**Extracted data:**
####

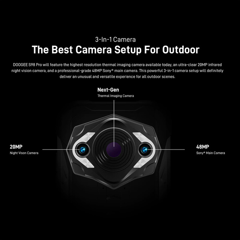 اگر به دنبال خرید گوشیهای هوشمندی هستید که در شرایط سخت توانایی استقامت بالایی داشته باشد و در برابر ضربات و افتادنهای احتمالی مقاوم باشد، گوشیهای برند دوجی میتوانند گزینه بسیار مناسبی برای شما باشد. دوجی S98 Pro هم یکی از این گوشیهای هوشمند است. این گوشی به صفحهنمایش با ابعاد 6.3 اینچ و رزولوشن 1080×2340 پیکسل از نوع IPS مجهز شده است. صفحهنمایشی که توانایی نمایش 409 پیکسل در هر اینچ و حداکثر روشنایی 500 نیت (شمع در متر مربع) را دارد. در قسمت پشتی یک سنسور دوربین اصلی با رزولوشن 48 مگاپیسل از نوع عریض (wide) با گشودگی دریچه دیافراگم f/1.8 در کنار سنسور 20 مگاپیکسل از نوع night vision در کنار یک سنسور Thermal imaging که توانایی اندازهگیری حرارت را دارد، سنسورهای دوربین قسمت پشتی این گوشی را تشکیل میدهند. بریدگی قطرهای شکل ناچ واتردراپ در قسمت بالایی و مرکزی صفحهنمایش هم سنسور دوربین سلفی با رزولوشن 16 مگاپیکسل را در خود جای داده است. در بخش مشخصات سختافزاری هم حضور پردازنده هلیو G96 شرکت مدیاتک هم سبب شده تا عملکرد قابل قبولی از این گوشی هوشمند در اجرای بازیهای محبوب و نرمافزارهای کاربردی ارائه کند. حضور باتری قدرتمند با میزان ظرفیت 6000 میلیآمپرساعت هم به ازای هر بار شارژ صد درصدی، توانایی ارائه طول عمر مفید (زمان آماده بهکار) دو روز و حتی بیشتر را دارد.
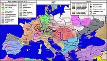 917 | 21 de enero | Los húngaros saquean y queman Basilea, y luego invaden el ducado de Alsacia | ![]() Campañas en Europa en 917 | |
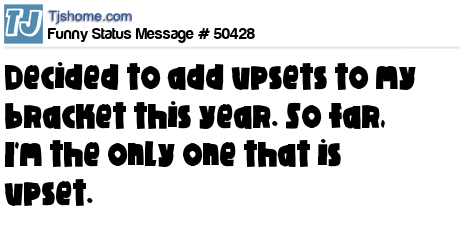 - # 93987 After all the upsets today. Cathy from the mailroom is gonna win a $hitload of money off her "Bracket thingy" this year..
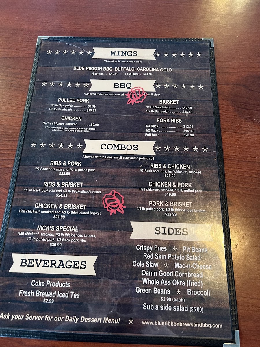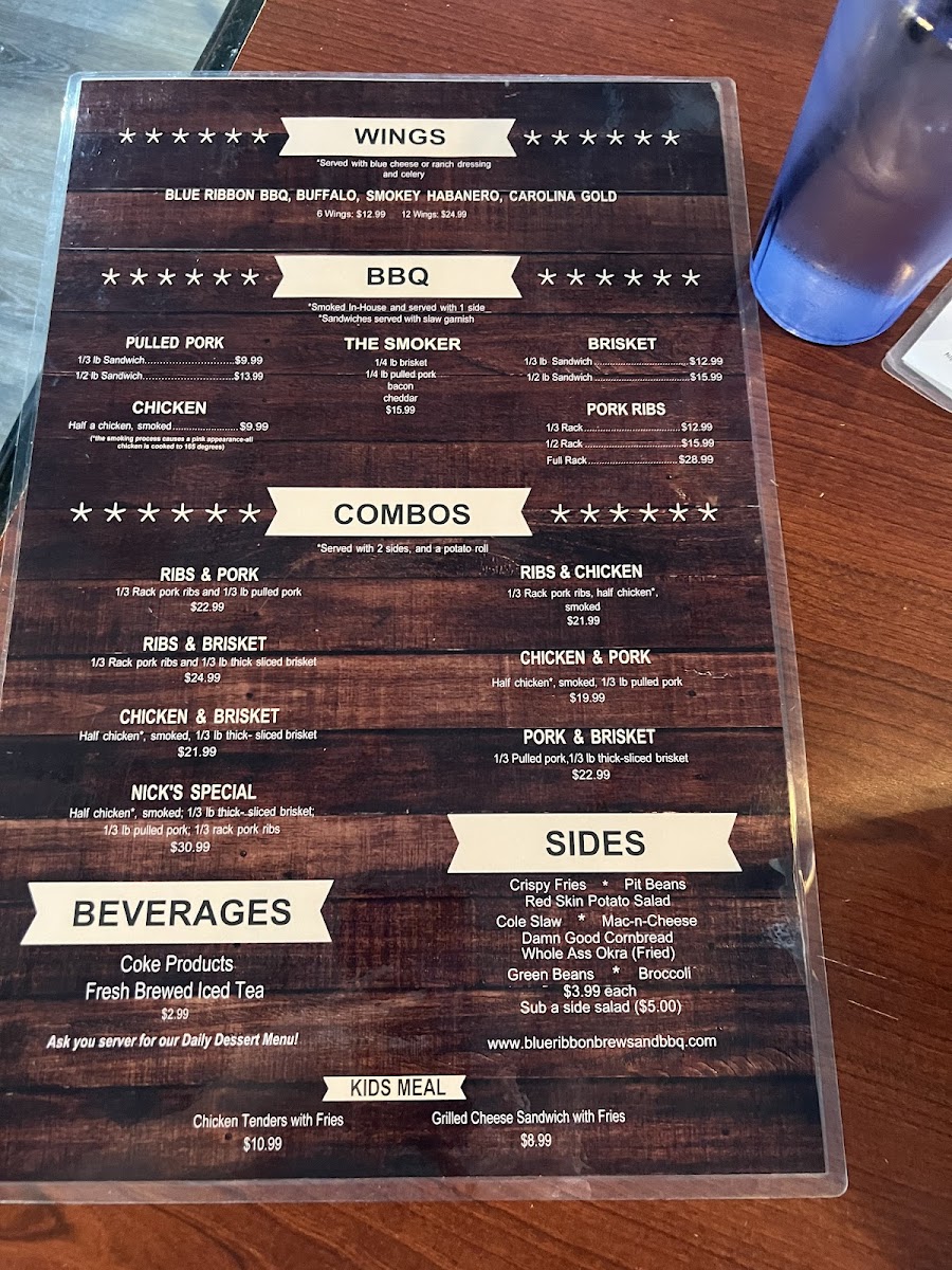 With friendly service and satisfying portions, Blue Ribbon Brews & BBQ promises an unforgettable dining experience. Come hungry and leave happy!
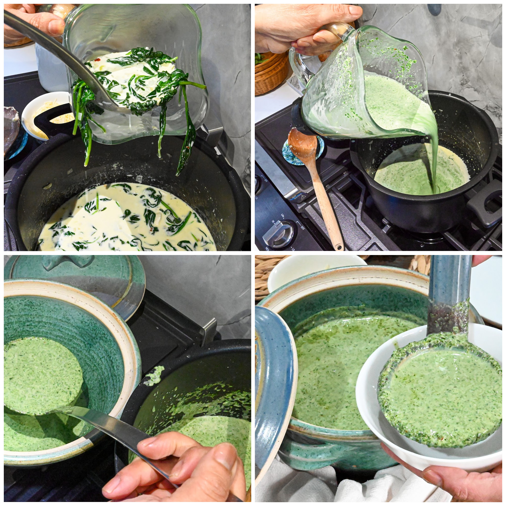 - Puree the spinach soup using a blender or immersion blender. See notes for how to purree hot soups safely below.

####

**Work request:** Only the lines from the beginning of the listing up to and including the line with "With friendly service" should appear in the reply, copied word for word and free of pictures.

**Written solution:**
 اگر به دنبال خرید گوشیهای هوشمندی هستید که در شرایط سخت توانایی استقامت بالایی داشته باشد و در برابر ضربات و افتادنهای احتمالی مقاوم باشد، گوشیهای برند دوجی میتوانند گزینه بسیار مناسبی برای شما باشد. دوجی S98 Pro هم یکی از این گوشیهای هوشمند است. این گوشی به صفحهنمایش با ابعاد 6.3 اینچ و رزولوشن 1080×2340 پیکسل از نوع IPS مجهز شده است. صفحهنمایشی که توانایی نمایش 409 پیکسل در هر اینچ و حداکثر روشنایی 500 نیت (شمع در متر مربع) را دارد. در قسمت پشتی یک سنسور دوربین اصلی با رزولوشن 48 مگاپیسل از نوع عریض (wide) با گشودگی دریچه دیافراگم f/1.8 در کنار سنسور 20 مگاپیکسل از نوع night vision در کنار یک سنسور Thermal imaging که توانایی اندازهگیری حرارت را دارد، سنسورهای دوربین قسمت پشتی این گوشی را تشکیل میدهند. بریدگی قطرهای شکل ناچ واتردراپ در قسمت بالایی و مرکزی صفحهنمایش هم سنسور دوربین سلفی با رزولوشن 16 مگاپیکسل را در خود جای داده است. در بخش مشخصات سختافزاری هم حضور پردازنده هلیو G96 شرکت مدیاتک هم سبب شده تا عملکرد قابل قبولی از این گوشی هوشمند در اجرای بازیهای محبوب و نرمافزارهای کاربردی ارائه کند. حضور باتری قدرتمند با میزان ظرفیت 6000 میلیآمپرساعت هم به ازای هر بار شارژ صد درصدی، توانایی ارائه طول عمر مفید (زمان آماده بهکار) دو روز و حتی بیشتر را دارد.
 917 | 21 de enero | Los húngaros saquean y queman Basilea, y luego invaden el ducado de Alsacia | ![]() Campañas en Europa en 917 | |
 - # 93987 After all the upsets today. Cathy from the mailroom is gonna win a $hitload of money off her "Bracket thingy" this year..
 With friendly service and satisfying portions, Blue Ribbon Brews & BBQ promises an unforgettable dining experience. Come hungry and leave happy!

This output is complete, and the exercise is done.